___ SUPPLIED INFORMATION ___
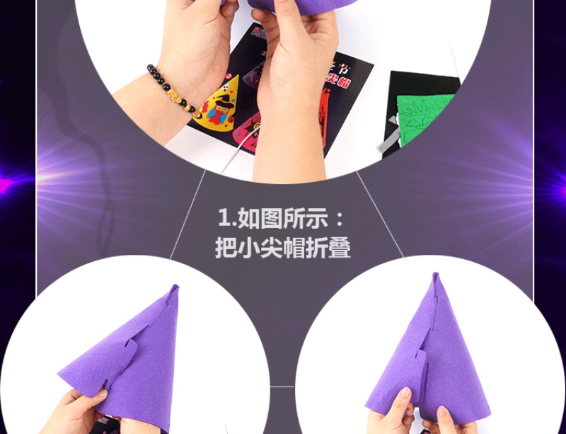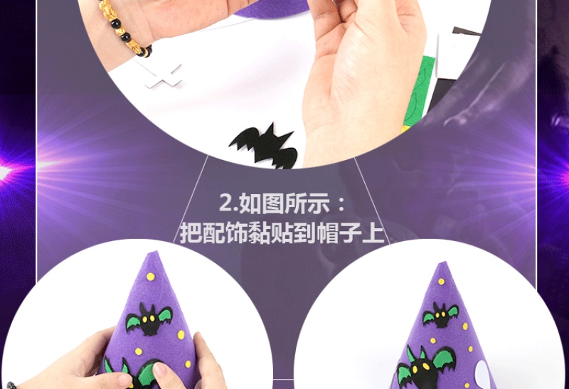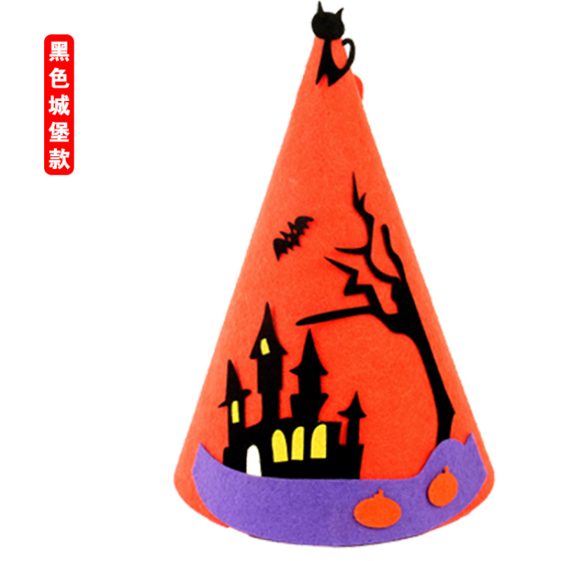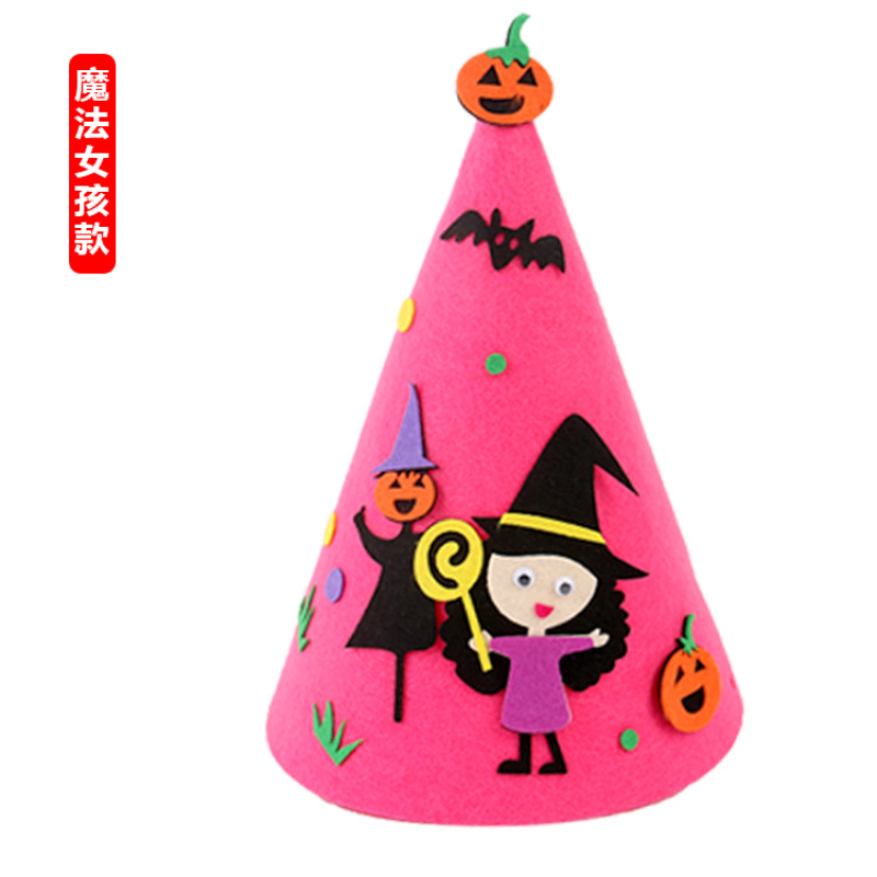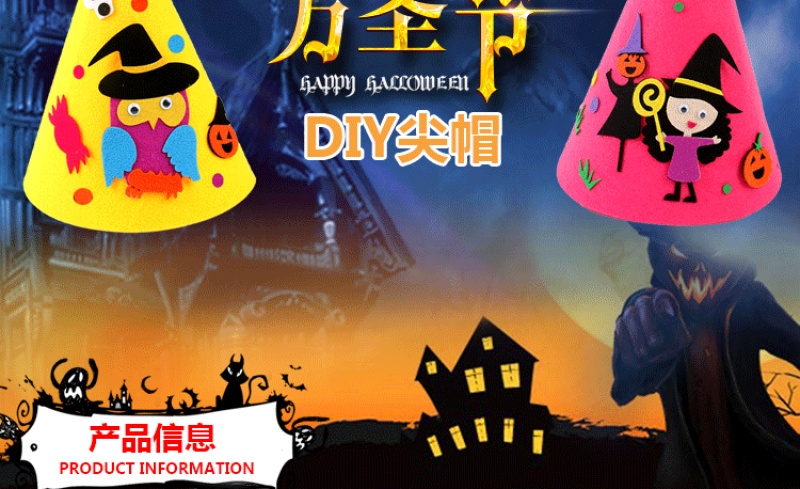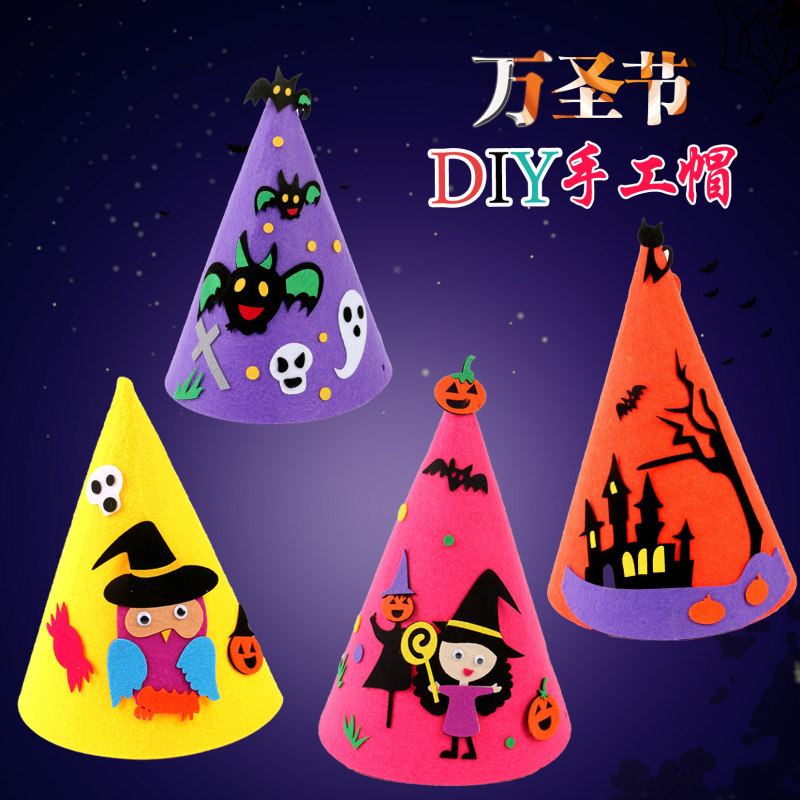 万圣节尖帽 :四个款式? ? 尺寸:高21CM 宽17CM 材质:环保不织布 装箱量400一件 亲收到的是材料包,需要自己动手去做,制作成品更有爱!
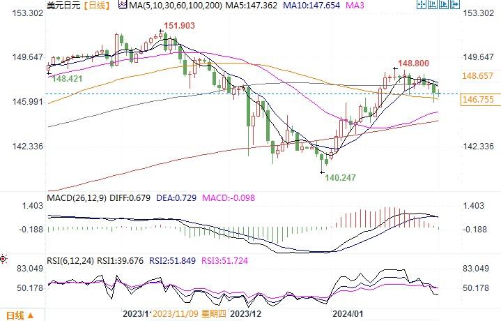 北京时间2月1日15:05 美元兑日元 报 146.755/775
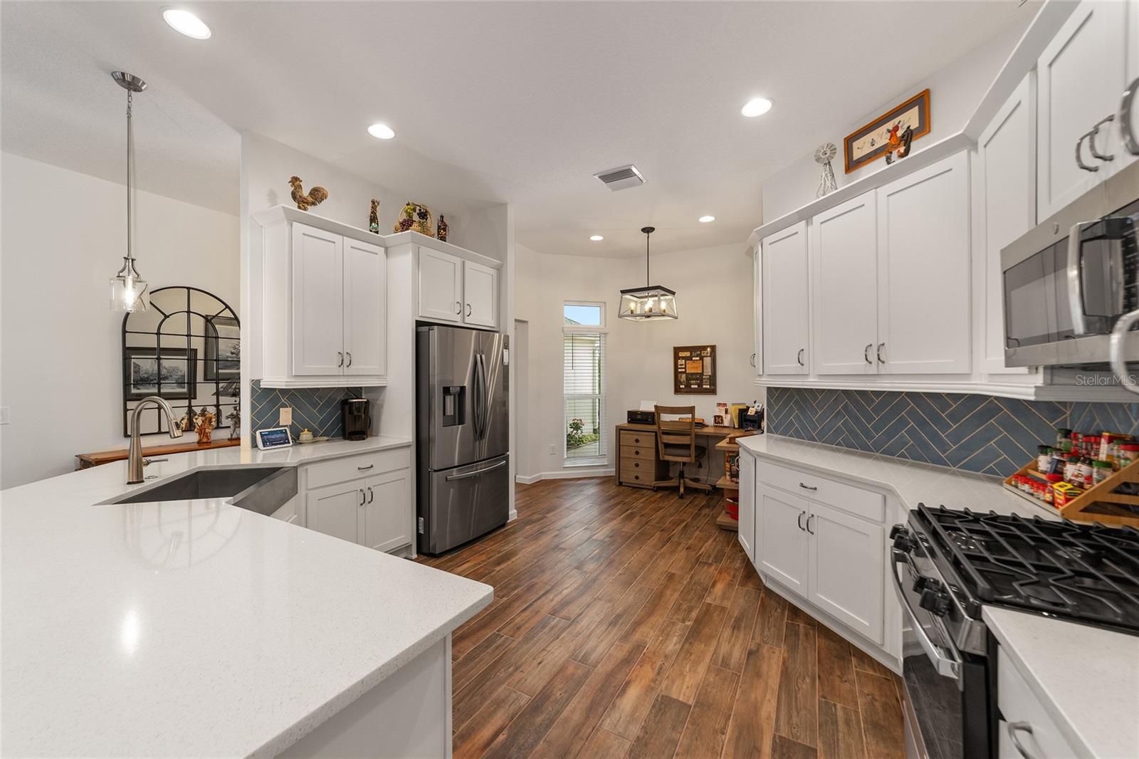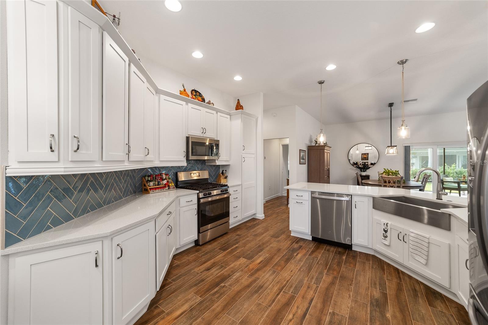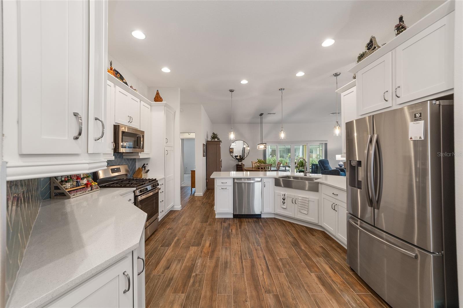 Novo preço !!! Bem-vindo para casa nesta impressionante begônia expandida de 3 banheiros de 3 quartos, localizada na vila de Hammock em Fenney! O exterior paisagístico profissionalmente apresenta camas de pedra e palmeiras com enquadramento de pedra, criando um impressionante apelo ao meio-fio, levando você à linda entrada de porta de vidro com chumbo, onde pisos de ladrilhos de cerâmica deslumbrantes fluem através da cozinha, sala de estar, sala de jantar e banheiros. A espaçosa cozinha oferece muitos armários brancos, bancadas de quartzo, backsplash de ladrilhos de metrô, utensílios de aço inoxidável, incluindo um fogão a gás e renovado recanto da cozinha. As áreas de jantar e de estar são espaçosas e centralmente localizadas, com portas de vidro deslizantes de bolso que levam ao lanai exibido, perfeito para relaxar e divertir. O quarto principal é um verdadeiro retiro, com tetos de bandeja, dois armários e um luxuoso banheiro privativo, com vaidades duplas separadas, chuveiro romano com assento e banheiro dedicado. Os hóspedes se sentirão em casa nos 2 quartos adicionais que incluem uma porta de bolso para maior privacidade, enquanto o banheiro completo adjacente apresenta uma combinação de chuveiro. Para maior conveniência e adjacente à cozinha, há uma lavanderia interna com pia e armários superiores para armazenamento extra. Você vai adorar todo o espaço na garagem do carrinho de 2 carros+ golfe! Outras características incluem iluminação pendente, gavetas e armários de fechamento suaves, calçadas pintadas e tratamentos de janela de Douglas Hunter Douglas. A decoração nesta casa é linda e perfeita para você começar seus sonhos de aldeias! Programe sua exibição particular hoje.
___
### WHAT IS REQUIRED
Repeat the listing above up to and including the line with "北京时间2月1日15:05 美元兑日元 报 146.755/775", starting from its first line. Drop any pictures.

### SOLUTION TO THIS PROBLEM
 万圣节尖帽 :四个款式? ? 尺寸:高21CM 宽17CM 材质:环保不织布 装箱量400一件 亲收到的是材料包,需要自己动手去做,制作成品更有爱!
 北京时间2月1日15:05 美元兑日元 报 146.755/775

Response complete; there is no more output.